Task requirements
From the listing below, copy only the lines running from the line that contains "সবচেয়ে বড় চুক্তিটি" to the line that contains "روز گذشته مدیرمسئول", both included.

Exercise inputs
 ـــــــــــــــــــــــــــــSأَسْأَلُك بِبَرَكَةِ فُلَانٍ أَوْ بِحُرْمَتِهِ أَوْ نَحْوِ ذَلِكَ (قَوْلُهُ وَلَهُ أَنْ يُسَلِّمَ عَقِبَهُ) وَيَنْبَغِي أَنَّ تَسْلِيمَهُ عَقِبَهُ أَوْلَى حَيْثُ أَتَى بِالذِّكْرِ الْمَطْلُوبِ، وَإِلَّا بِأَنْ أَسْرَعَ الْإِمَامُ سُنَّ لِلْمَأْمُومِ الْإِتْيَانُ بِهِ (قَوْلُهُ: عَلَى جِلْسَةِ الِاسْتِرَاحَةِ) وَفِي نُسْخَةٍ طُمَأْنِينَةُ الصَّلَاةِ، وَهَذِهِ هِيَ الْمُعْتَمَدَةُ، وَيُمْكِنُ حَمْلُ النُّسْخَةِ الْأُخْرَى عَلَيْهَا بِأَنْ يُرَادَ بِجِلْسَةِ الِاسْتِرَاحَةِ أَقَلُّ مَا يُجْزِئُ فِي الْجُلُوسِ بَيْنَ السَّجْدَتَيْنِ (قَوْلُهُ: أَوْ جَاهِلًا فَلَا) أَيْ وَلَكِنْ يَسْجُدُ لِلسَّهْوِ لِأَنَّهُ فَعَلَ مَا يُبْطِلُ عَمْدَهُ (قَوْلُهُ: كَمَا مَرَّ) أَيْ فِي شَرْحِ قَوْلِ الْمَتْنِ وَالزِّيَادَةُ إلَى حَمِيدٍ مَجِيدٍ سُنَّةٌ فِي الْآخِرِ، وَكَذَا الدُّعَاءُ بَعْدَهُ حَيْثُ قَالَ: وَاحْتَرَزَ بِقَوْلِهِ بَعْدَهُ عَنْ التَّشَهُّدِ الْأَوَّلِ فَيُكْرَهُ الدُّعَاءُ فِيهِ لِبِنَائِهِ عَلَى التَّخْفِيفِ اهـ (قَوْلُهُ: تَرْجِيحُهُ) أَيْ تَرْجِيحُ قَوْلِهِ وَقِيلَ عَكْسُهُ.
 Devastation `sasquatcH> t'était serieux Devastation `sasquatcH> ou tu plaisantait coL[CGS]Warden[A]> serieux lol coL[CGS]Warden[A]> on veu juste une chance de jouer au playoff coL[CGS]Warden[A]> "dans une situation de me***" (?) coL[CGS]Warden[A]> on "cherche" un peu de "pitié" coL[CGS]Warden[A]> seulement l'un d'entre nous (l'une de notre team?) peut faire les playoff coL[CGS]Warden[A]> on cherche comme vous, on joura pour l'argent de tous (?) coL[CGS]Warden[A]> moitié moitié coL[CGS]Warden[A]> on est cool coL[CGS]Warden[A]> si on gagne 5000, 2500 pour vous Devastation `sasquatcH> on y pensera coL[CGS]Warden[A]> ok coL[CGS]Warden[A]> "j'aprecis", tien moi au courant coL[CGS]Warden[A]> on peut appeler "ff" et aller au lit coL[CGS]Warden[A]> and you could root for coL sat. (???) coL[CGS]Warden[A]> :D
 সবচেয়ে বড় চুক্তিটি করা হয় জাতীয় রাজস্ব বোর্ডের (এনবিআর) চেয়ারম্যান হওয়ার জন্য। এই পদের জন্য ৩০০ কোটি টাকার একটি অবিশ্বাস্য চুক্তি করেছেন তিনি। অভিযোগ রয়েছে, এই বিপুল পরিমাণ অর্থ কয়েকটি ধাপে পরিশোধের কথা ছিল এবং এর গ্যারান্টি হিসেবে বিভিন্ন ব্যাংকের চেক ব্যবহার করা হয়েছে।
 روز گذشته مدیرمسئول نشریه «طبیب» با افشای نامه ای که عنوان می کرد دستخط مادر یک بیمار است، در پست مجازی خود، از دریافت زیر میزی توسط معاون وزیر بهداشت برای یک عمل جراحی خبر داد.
---
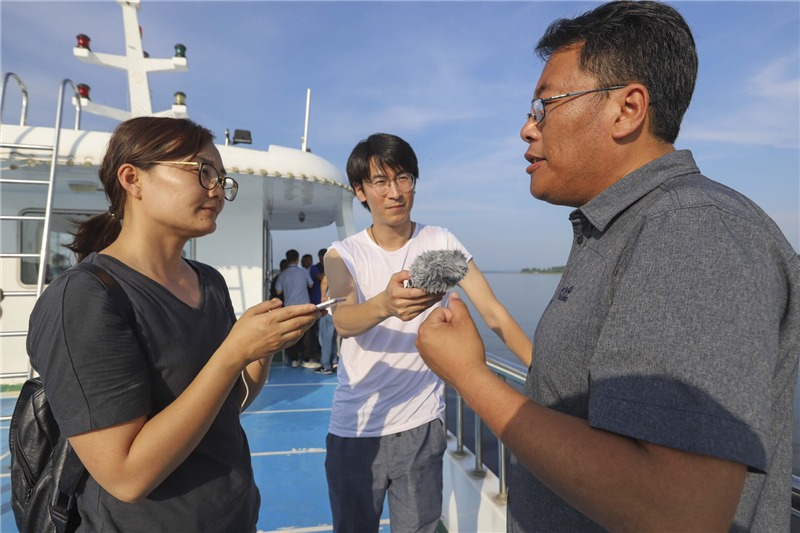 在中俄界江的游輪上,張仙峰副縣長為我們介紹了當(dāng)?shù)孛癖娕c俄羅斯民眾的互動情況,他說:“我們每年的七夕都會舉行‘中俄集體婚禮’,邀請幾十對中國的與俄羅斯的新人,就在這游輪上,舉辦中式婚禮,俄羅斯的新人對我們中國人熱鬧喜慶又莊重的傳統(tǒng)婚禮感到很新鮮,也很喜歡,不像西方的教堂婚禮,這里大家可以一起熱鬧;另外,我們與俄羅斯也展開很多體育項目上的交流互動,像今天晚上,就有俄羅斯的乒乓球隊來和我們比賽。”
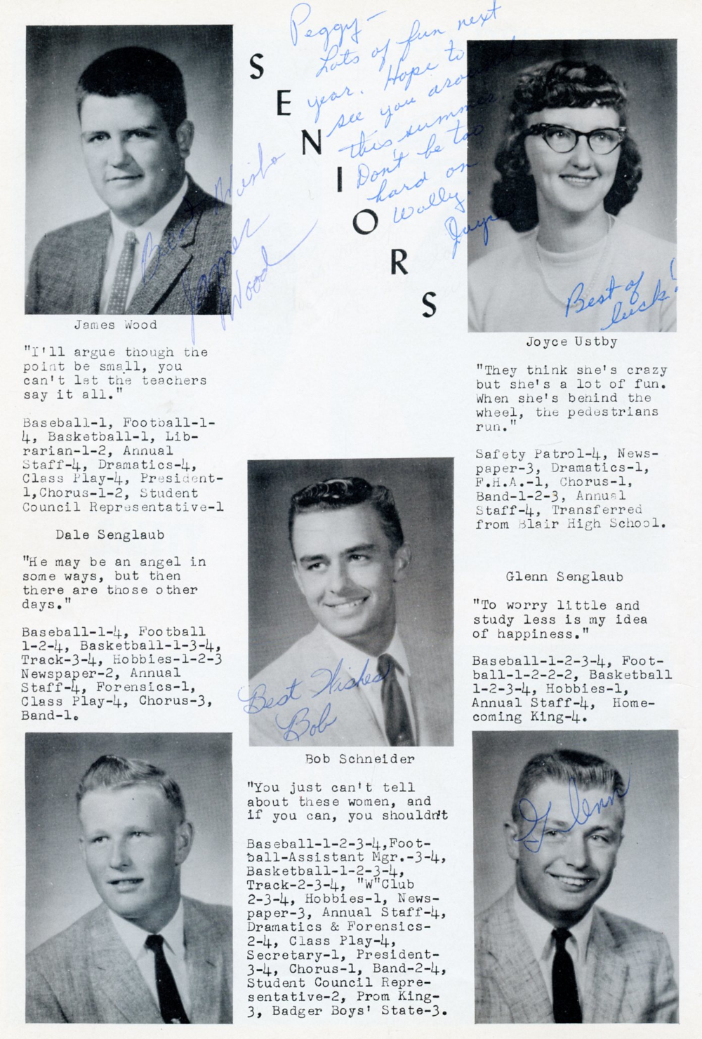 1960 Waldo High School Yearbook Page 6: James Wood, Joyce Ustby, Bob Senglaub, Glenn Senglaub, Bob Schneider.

Exercise response
 সবচেয়ে বড় চুক্তিটি করা হয় জাতীয় রাজস্ব বোর্ডের (এনবিআর) চেয়ারম্যান হওয়ার জন্য। এই পদের জন্য ৩০০ কোটি টাকার একটি অবিশ্বাস্য চুক্তি করেছেন তিনি। অভিযোগ রয়েছে, এই বিপুল পরিমাণ অর্থ কয়েকটি ধাপে পরিশোধের কথা ছিল এবং এর গ্যারান্টি হিসেবে বিভিন্ন ব্যাংকের চেক ব্যবহার করা হয়েছে।
 روز گذشته مدیرمسئول نشریه «طبیب» با افشای نامه ای که عنوان می کرد دستخط مادر یک بیمار است، در پست مجازی خود، از دریافت زیر میزی توسط معاون وزیر بهداشت برای یک عمل جراحی خبر داد.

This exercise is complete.